▶ GOAL OF THE EXERCISE
Return the data that follows exactly as it appears. Pictures do not belong in the copy.
*** RAW DATA Section Begins ***
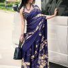 Light brown floral print satin crepe saree crafted with all over print design. The saree comes with a matching unstitched blouse.
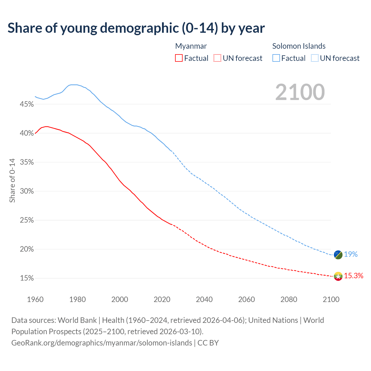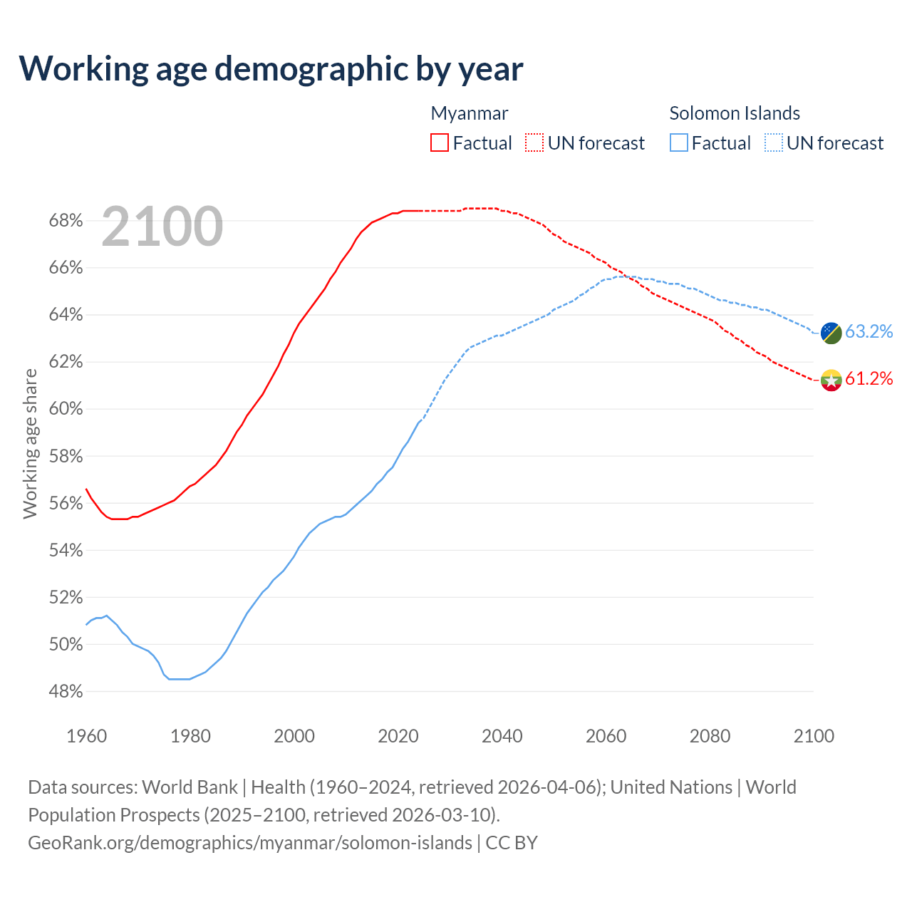 Median age Myanmar vs Solomon Islands, 1960-2100
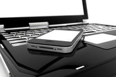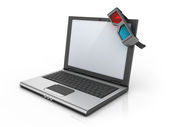 jeden czerwone strzałki wyjść przez monitor laptopa
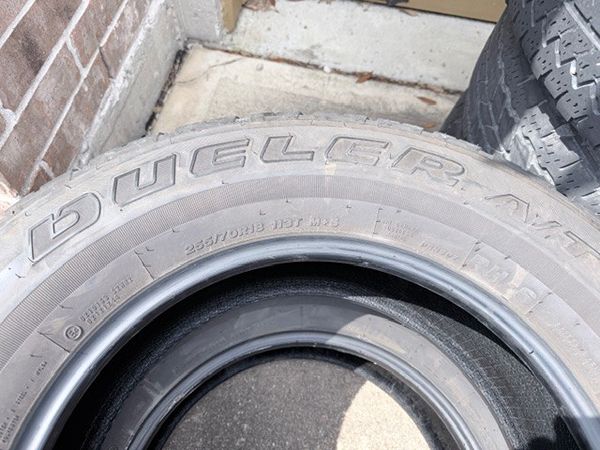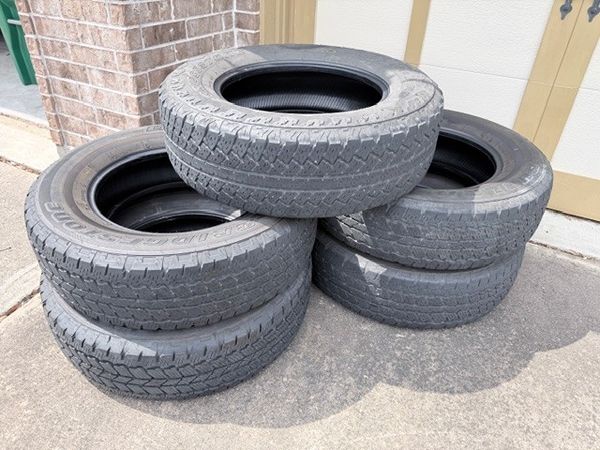 Selling 4 Bridgestone Dueler AT Tires (255/70R18 113T) for $150 OBO. These tires have substantial tread left on them. The tire on top of the stack is slightly different than the others (older/newer model) and it also has a nail in the tread, although I believe its in a repairable area, so I'm throwing it in as a bonus spare tire. I'm willing to meet a serious buyer within a 15 minute drive from the Rayford / Hwy 99 area, otherwise pickup will be necessary.
*** RAW DATA Section Ends ***
▶ EXPECTED ANSWER
 Light brown floral print satin crepe saree crafted with all over print design. The saree comes with a matching unstitched blouse.
 Median age Myanmar vs Solomon Islands, 1960-2100
 jeden czerwone strzałki wyjść przez monitor laptopa
 Selling 4 Bridgestone Dueler AT Tires (255/70R18 113T) for $150 OBO. These tires have substantial tread left on them. The tire on top of the stack is slightly different than the others (older/newer model) and it also has a nail in the tread, although I believe its in a repairable area, so I'm throwing it in as a bonus spare tire. I'm willing to meet a serious buyer within a 15 minute drive from the Rayford / Hwy 99 area, otherwise pickup will be necessary.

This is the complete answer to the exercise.